Weston Reading About Director Lumet
     Last Saturday, Sidney Lumet died in New Your City.  The man who made quite possibly the best drama ever filmed, The Verdict, is gone.  Everyone thinks, at least everyone I've spoken to, that The Verdict was Paul Newman's film, but it wasn't, it belonged to Lumet.  Every frame, every angle, every cut and every lingering wide shot that stayed on the actor's faces -which were dwarfed by the expanse of every element included in each frame- belonged to Lumet.
      Where some directors feel the need to make constant cuts and establish multiple locations and hundreds of angles, Lumet could make the dialogue, the acting and the craft pop with a single well composed shot.  In short, he could tell a story anywhere.  From the courtroom where the church's and the legal system's crimes were going to go unpunished to a jaded and washed up attorney's final meltdown in a hotel bathroom, it didn't take much more than Lumet's keen eye and his ability to tell a story to bring every second of the film to life; and to make that life real and unforgettable.  Lumet is dead.
He will be missed.

Monday, April 4, 2011

The Importance of Story

The Author at the Showbiz Expo Listening to a Filmmaker's Story
     In the last few years, the AOF, one of my partners and I have begun placing money with filmmakers and writers so that they can bring their visions to life.  Some of the donations have been small, others much more.  In reviewing the projects, I began to wonder what each of the films we helped out had in common and I was not surprised to discover that of course, it was the story.   Not the story the artist was trying to tell, but the story of the artist him or herself.

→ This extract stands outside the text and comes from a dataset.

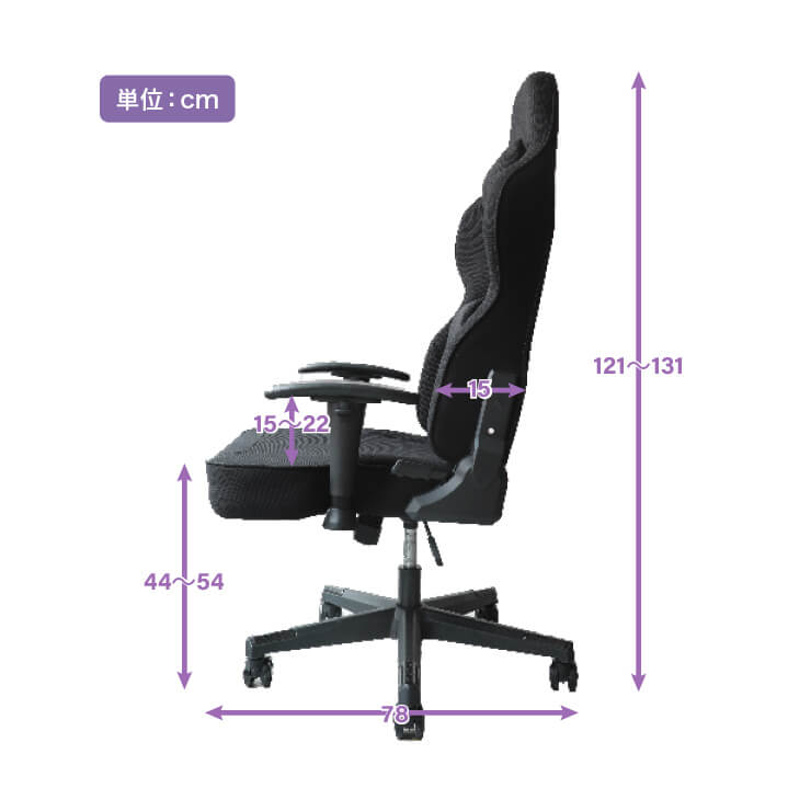 - 幅 67.5cm(67.5 ~ 77.5cm)×高さ 121cm(88 ~ 131cm)×奥行 78cm(78 ~ 126cm)

     I don't think in any case where we assisted that there was a pitch. It was a simple, 'So, what's going on?' From there, the artist either told us what was happening and we said, 'yes or no' accordingly.  Some times there is a phone call or an e-mail but the process is pretty much the same.
     Which ones get funding?  Well, that depends on the story, but I can tell you which one's don't; it's the ones that don't focus on story, that are either obviously unoriginal, template formatted, or copied from someone else.  For some reason we seem to get those as well.  They are summarily denied.  If 'your' story isn't original, how can the artistic story that you are trying to tell be?

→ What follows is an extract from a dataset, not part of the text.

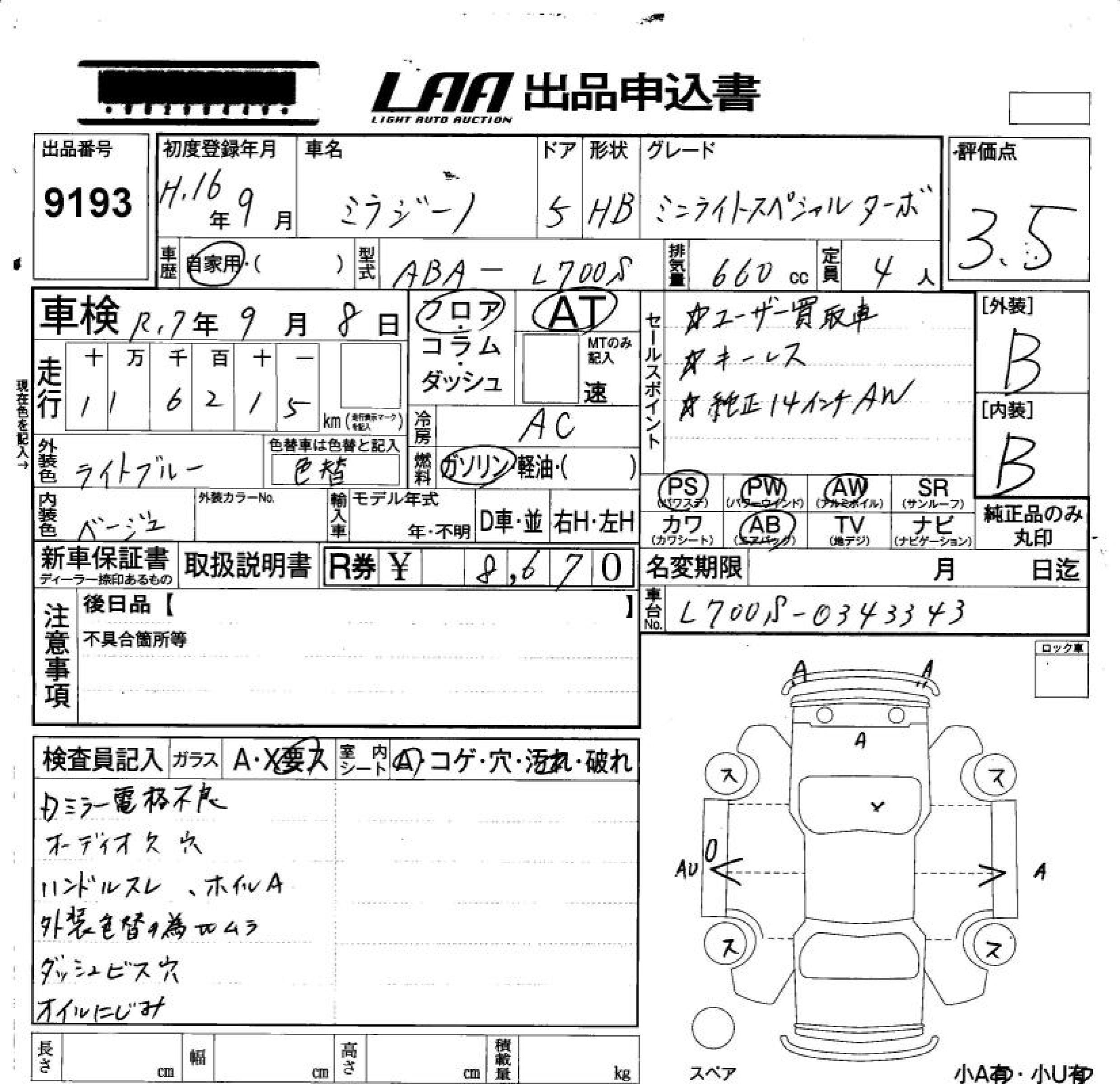 Все аукционы DAIHATSU MIRA GINO

      I'm not saying that you have to have the personality of record executive from the 80's to move ahead but I will tell you that it doesn't hurt to have the ability to sell the interesting things about yourself to your audience, no matter who that audience might be.
     Thanks for reading and to those of you who enjoy film please get to a theater to see the story as it should be seen and for those of you who make film, please, start with the story.